Porsche Cayman R review


What does the Porsche Cayman R have that the Porsche Cayman S doesn’t?
Aluminium doors (pinched from the GT3) for a start, which trim 15kg from the Cayman R’s kerbweight, along with lightweight 19in alloys from the Boxster Spyder that save another 5kg. Bucket seats save another 12kg, as does the lack of air-conditioning. There’s no radio either, and a smaller 54-liter fuel tank pilfers the pounds.

Other additions to spice up the new 2011 Porsche Cayman R include a new front bumper and fixed rear spoiler, and together with black wing mirrors, black headlamp surrounds and ‘Porsche’ decals, it’s a cohesive little package that makes the R looks much more aggressive than the S.

There’s 20mm lower suspension, itself tweaked to take the weight reductions into account, and there’s a proper locking rear diff. Unfortunately you also lose the slick cupholders that slide out of the dash and the dashboard is low-rent plastic rather than leather-covered. Such are the sacrifices you make in the name of performance chez Porsche.

Any other changes to the new Cayman R?
Some tweaks are less intense, but still welcome: the direct-injection 3.4-litre flat six is now in Boxster Spyder-spec, with power increased by 10bhp at 200rpm higher. Our car had the optional twin-clutch, seven-speed PDK gearbox, but whether you opt for it or the six-cog manual, the 0-62mph time drops by two tenths, to 4.9sec for the self-shifter and 5.0sec for the enthusiasts’ favorite.

The top speed for either ‘box is up a few inconsequential mph, but the weight reduction means both versions of the Cayman R are a little cleaner and greener than the Cayman S that sits below: thirst and emissions tumble from 28.8mpg and 230g/km to 29.1mpg and 228g/km for the manual; the PDK-specced one drops from 30.1mpg and 221g/km for the Cayman S to 30.4 and 218 for the Cayman R PDK.

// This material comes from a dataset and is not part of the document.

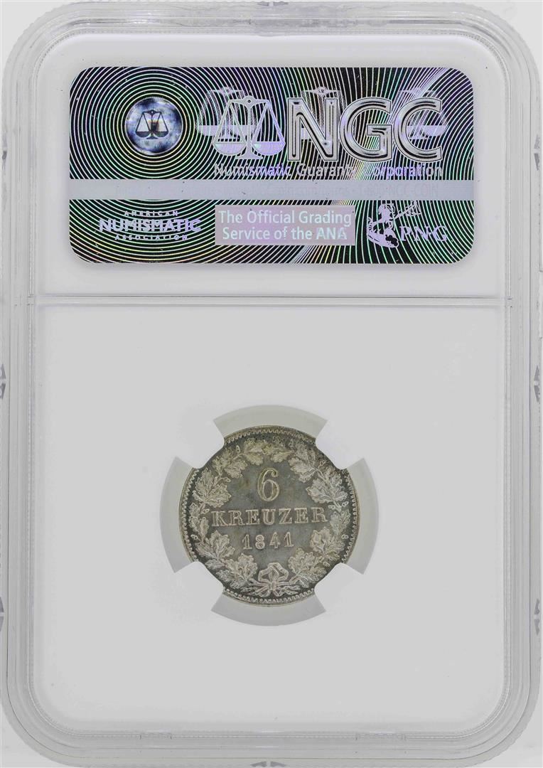 One 1841 Germany Baden 6 Kreuzer Coin NGC MS65. NGC Certified.

What's the Cayman R like to drive?
Brilliant. The R's steering is beautifully weighted and detailed, it’s more exploitable and friendly than a 911, and with the car’s sports exhaust there’s a proper hair-erecting howl. The seats are great, offering excellent support without the back-breaking hardness of Porsche’s most extreme buckets.

This car had pretty much every option on it, including the PDK ‘box and ceramic brakes. There’s never been much wrong with regular Porsche stoppers, but the PCCBs are relentlessly strong, have great feel, and will stand you in good stead if you intend to take your R on a few track days. You might prefer the Cayman's precise manual transmission, but the double-clutch PDK unit is slick when you’re cruising around, and the optional Sport Chrono Pack has buttons to sharpen the throttle response and turn the PDK gearbox into a super-sharp unit when you’re on it. It’s got a proper set of paddles, too.

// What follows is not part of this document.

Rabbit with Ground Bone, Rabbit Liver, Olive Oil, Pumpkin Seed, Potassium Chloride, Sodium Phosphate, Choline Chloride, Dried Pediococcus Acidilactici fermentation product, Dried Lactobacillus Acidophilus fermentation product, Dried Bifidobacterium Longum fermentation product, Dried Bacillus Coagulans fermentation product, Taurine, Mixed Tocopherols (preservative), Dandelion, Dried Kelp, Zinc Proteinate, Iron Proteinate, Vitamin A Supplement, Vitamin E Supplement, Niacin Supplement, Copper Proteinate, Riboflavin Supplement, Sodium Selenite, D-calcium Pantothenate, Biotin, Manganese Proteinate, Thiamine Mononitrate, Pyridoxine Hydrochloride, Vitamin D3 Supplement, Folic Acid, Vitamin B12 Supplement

The Cayman R is an excellent sports car: fast, fun, and all the changes make it a little sharper and more incisive than the regular Cayman S, already a favorite around these parts. Our ideal spec? The bigger 64-liter fuel tank is a no-cost option we’d definitely have, air-conditioning is a necessity, and many buyers will pick sat-nav. Then you’ve got a Cayman that’s faster and more focused than the Cayman S and edging ever closer to that entry level 911 Carrera.

The Cayman R is a great example of Porsche doing what it does best.